Updated: Aug 13, 2023

Italy's decision to participate in China's Belt and Road Initiative (BRI) in 2019 stunned the international community. The decision to support this significant infrastructure project as the first G7 nation was a turning point in the dynamics of global relations. Italy's position on the BRI, however, appears to be changing significantly as its five-year memorandum of agreement is slated to be extended in March 2024, indicating both economic disappointment and a larger strategic recalibration towards China.

Italian interest in the BRI was initially sparked by a combination of economic and geopolitical considerations. Italy was looking for ways to increase access to China's sizable market and find new business opportunities after suffering through several recessions quickly. Italy, which felt a bit left out in Europe and harboured misgivings about the European Union, regarded China as a potential partner to meet its investment demands. In an effort to attract Chinese interest and investments, the country used its political influence to join with the BRI.

On the other hand, Chinese President Xi Jinping has his own motivations for courting Italy. Due to China's historical importance at the end of the Silk Road, Xi was able to match the success and worldwide effect of his most important foreign policy project. Furthermore, Italy's sizable Chinese population and pre-existing trade ties offered China fertile ground to take root in Europe and maybe rip a hole in the EU. However, the BRI experience in Italy has not gone as planned.

Although the country signed a number of institutional agreements with China as part of the effort, these accords did not significantly alter the course of Italy-China economic relations. and Chinese exports to Italy increased dramatically and Italian exports to China only slightly increased, the promised economic gains were never realised. Furthermore, Chinese investments in other European countries outpaced those in Italy, even after the latter's BRI participation.

Italy is rethinking its participation in the BRI due to its disappointment with the economic results. Italy's decision to join the BRI has been officially referred to as a "big mistake" by Prime Minister Giorgia Meloni, who has stated her intention to reverse the decision.

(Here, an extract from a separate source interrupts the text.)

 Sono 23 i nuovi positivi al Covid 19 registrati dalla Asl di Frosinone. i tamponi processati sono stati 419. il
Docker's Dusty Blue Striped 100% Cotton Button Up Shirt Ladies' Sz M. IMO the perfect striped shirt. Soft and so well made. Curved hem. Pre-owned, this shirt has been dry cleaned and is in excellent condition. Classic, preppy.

Italy has been forced to reconsider its strategic stance due to the lack of concrete benefits and rising transatlantic agreement over the dangers posed by China.

This strategic re-evaluation is a result of China's changing image in Europe. China's forceful behaviour and its backing of Russia in the Ukraine war have caused European nations to re-evaluate their relations with China, which is now seen more as an adversary than a partner. It is currently believed that China's goal to restructure the international order is demonstrated by the BRI, which was originally perceived as a vehicle for economic cooperation.

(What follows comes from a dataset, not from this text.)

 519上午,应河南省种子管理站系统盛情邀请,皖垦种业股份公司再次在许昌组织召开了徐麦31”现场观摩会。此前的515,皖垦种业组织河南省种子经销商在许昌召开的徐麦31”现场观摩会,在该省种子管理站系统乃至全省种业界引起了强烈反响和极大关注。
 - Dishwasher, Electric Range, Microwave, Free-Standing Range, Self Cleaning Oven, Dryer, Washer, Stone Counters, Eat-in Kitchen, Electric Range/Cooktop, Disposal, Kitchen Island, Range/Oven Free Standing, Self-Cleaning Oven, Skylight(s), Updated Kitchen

The BRI's prospective termination by Italy has wider geopolitical ramifications. Reduced economic reliance on China, closer ties with the US, and upholding peace and stability in places like Taiwan are the top priorities for European nations. Other nations have reconsidered their participation in the BRI due to its shifting dynamics, and Italy's withdrawal from the project may be indicative of a wider trend.

Italy's decision to withdraw from the BRI is less about achieving economic goals and more about adjusting to the changing global environment as geopolitics once again takes centre stage and China's intentions are subject to increased scrutiny. This change emphasises how complicated international relations are and how important it is for countries to match their strategic objectives with evolving conditions.